1. I will stop being so interested in Mommy’s phone. I’m sure there are decent toys available if I would just give them a chance.
2. Before I scream bloody murder every time Mom won’t give me something I want, I will stop to ascertain whether there are factors of which I might not be aware— like temperature, sharpness or breakability.
3. I will accept the inevitability of bedtime.
4. I will expand my palette beyond puffs and pasta. This will become especially useful in restaurant settings where the promise of new tastes and textures will be enough incentive to keep me quiet and seated.
5. I will stop tearing out my barrettes and headbands and try to achieve a state of peaceful co-existence.
6. During diaper changes, I will remind myself that staying still so Mom and Dad can just do their job will get the poop off my bottom that much faster.
7. I will stop arching my back, locking my legs or going into full-on tantrum mode every time someone tries to strap me into a stroller or carseat. I’m sure they have their reasons for imprisoning me every time we leave the house.
8. I will realize that tossing my pacifier out of the crib and then crying because I no longer have my pacifier is an idiotic exercise that helps no one.

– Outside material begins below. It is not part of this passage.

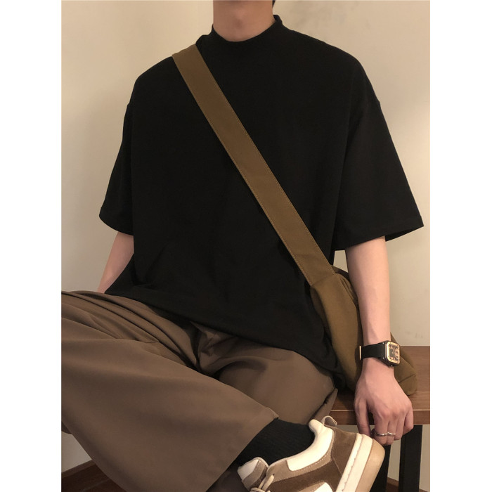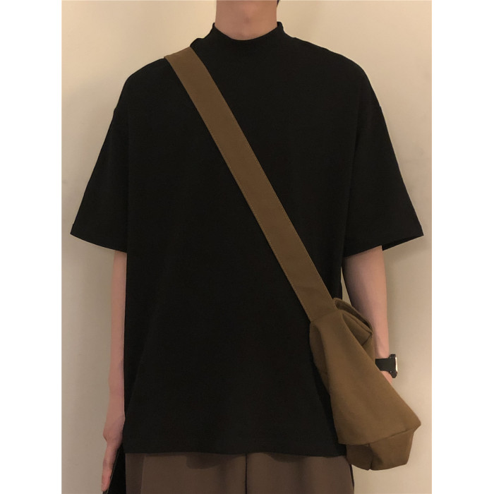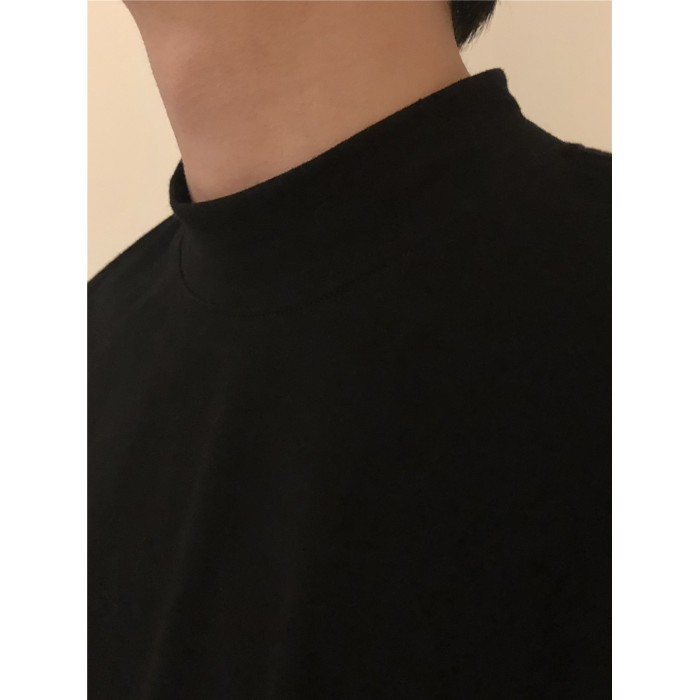 日系新款潮牌黑色半高領T恤男ina高街百搭純色短袖寬松五分袖上衣
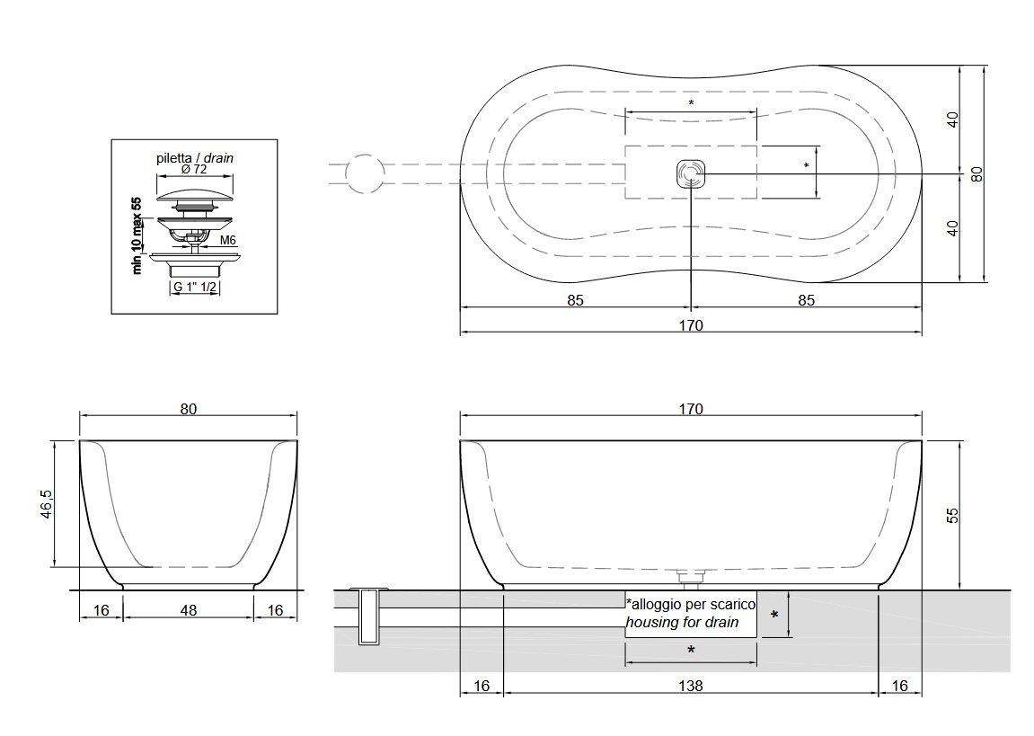 Antonio Lupi Fida Wanna wolnostojąca 170x80 cm Grigio Alpi FIDA

9. I will learn to appreciate naptime. I’m told it’s a privilege and a gift most grown-ups would kill for.
10. After I am done eating my meal, I will suppress my desire to ceremoniously throw the remainder of my food on the floor, no matter how satisfying it feels.
11. Even though it feels great to be held by Mom and Dad, I will try to understand that life is best experienced with my feet on the floor.
12. Once I get over the need to have my parents hold me all the time, I will try to remember that they still want a cuddle every now and then.
13. I will attempt to reset my internal clock so that any time before 10am is clearly sleepy time.
14. I will learn to say yes with as much conviction as I say no.
15. Even though I much prefer Mom holding me while she is standing, I will try to embrace being held while she is sitting down as an acceptable alternative. It can’t be nearly as bad as my kicking and screaming suggests.
16. I will resist the urge to help put away the laundry. Apparently, I am just elongating the task. Also, just because Mom opens the dishwasher, does not mean it is an invitation to climb in.
17. I will try to find my own things to do around the house instead of being automatically drawn to whatever my older sister is doing.
18. Before I reach for Mom or Dad’s food, I will double check to make sure I have not been served the same thing. Sometimes their food looking better than mine is just an illusion.
19. As much as I love Daddy, I will try to make my preference a little less obvious.
20. I get it. Mom is never going to give me a sip of whatever is in that pretty glass with the straw. I’ll stop begging.